### TASK TO CARRY OUT
The data that follows must be transcribed in full and exactly, minus the pictures.

### MATERIAL PROVIDED
━━━━━━━━━━
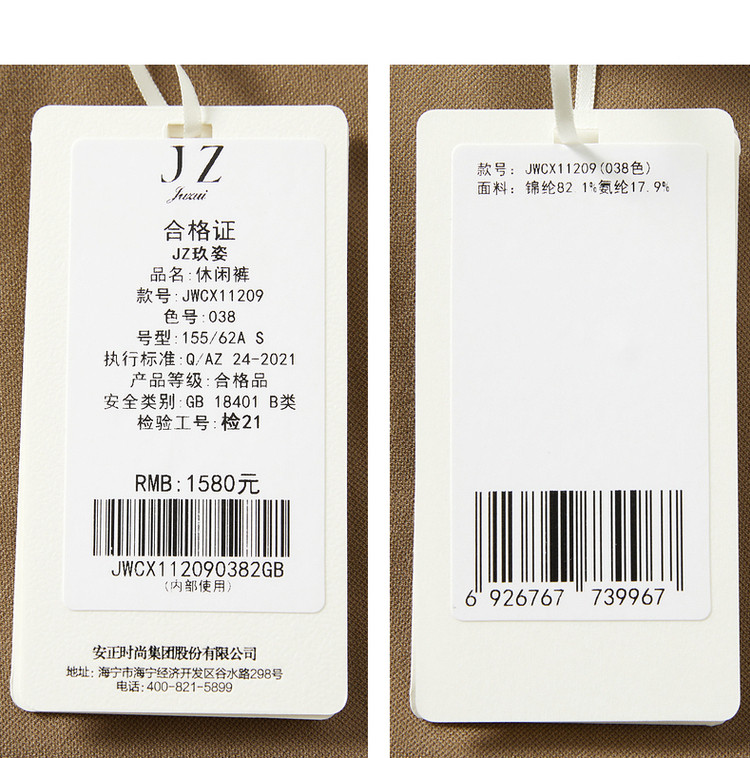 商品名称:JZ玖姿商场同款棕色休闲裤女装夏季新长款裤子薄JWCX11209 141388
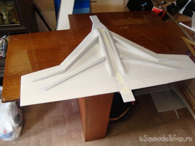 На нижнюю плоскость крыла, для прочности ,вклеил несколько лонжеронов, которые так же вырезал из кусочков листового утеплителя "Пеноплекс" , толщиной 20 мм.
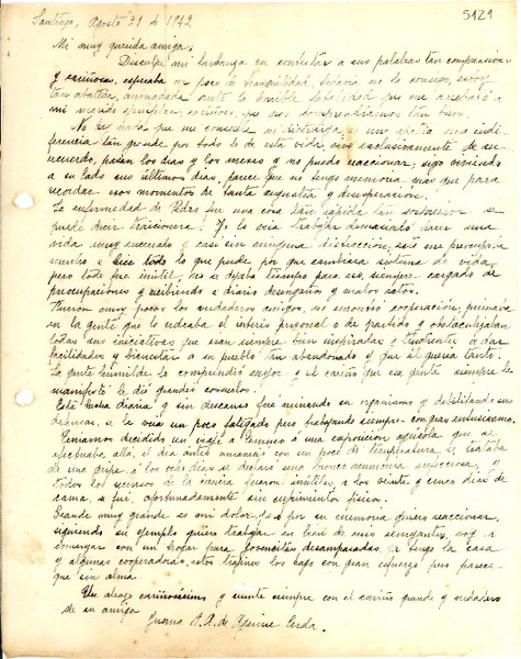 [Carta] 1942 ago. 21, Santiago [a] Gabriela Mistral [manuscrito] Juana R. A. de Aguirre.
━━━━━━━━━━
### ANSWER AREA
 商品名称:JZ玖姿商场同款棕色休闲裤女装夏季新长款裤子薄JWCX11209 141388
 На нижнюю плоскость крыла, для прочности ,вклеил несколько лонжеронов, которые так же вырезал из кусочков листового утеплителя "Пеноплекс" , толщиной 20 мм.
 [Carta] 1942 ago. 21, Santiago [a] Gabriela Mistral [manuscrito] Juana R. A. de Aguirre.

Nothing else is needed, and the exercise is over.